Same version as the two above, but different CD (in my collection for about 30 years already):


----------



## Malx (Jun 18, 2017)

I'll dig out my Naxos recording over the weekend. One I haven't played for a number of years.

*ETA,*
I had a spare hour before heading off to Edinburgh for the day so managed to give the symphony a spin.
My summation is - a symphony that is enjoyable enough but not particularly distinctive. 
Perhaps tellingly the notes that come with the Naxos recording continually use phrases such as 'the mood is reminiscent of the finale of Schumann's Spring Symphony' - the references to Schubert, Schumann and Mendelssohn confirm my thought that there is nothing different to hear here but having made that observation if I hadn't heard any of the aforementioned composers I would regard the work as perfectly fine - unfortunately I had!


----------



## CnC Bartok (Jun 5, 2017)

I've got the Naxos recording, and gave that a spin.

A very enjoyable work, although very derivative Mendelssohn-y at the same time. I heard a bit less Schumann than Malx.
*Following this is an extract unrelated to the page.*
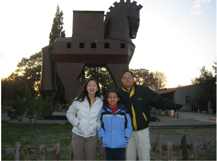 我们在特洛伊博物馆关门前进去参观,博物馆规模不大,陈列的文物寥寥无几,但是那座后人凭想象做的木马很吸引人,我们都爬了上去。
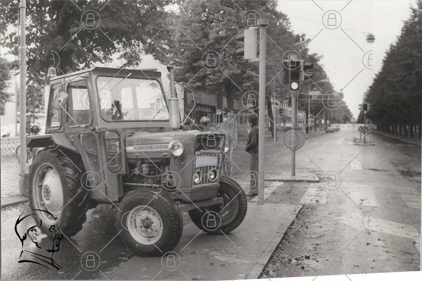 traktor, trafikljus, gata, träd, asfalt, människor, gammal, svartvit, landskap, fordon, parkering, väg, stadsbild, maskin, jordbruk, landsbygds, transport, motor, hjul, byggnader, cykel, skyltar, fotgängare, retro, industriell, miljö, landskap, urban, historia, teknik

I didn't expect Earth-shattering, to be honest, so for what it is, it's a good piece of music. 

Solid choice of SS!


----------



## mbhaub (Dec 2, 2016)

Good choice! Haven't listened to this is a long time: Jarvi for me. 
As a side: will we ever have a chance to hear the First Symphony? Never recorded, not published. The score is on line and I'd like to think there's some enterprising orchestra/conductor who could resurrect it.


----------



## Animal the Drummer (Nov 14, 2015)

Art Rock said:


> Same version as the two above, but different CD (in my collection for about 30 years already):


Same here. I especially enjoy the Symphonic Sketches - IMHO "Noel" in particular is a real gem.


----------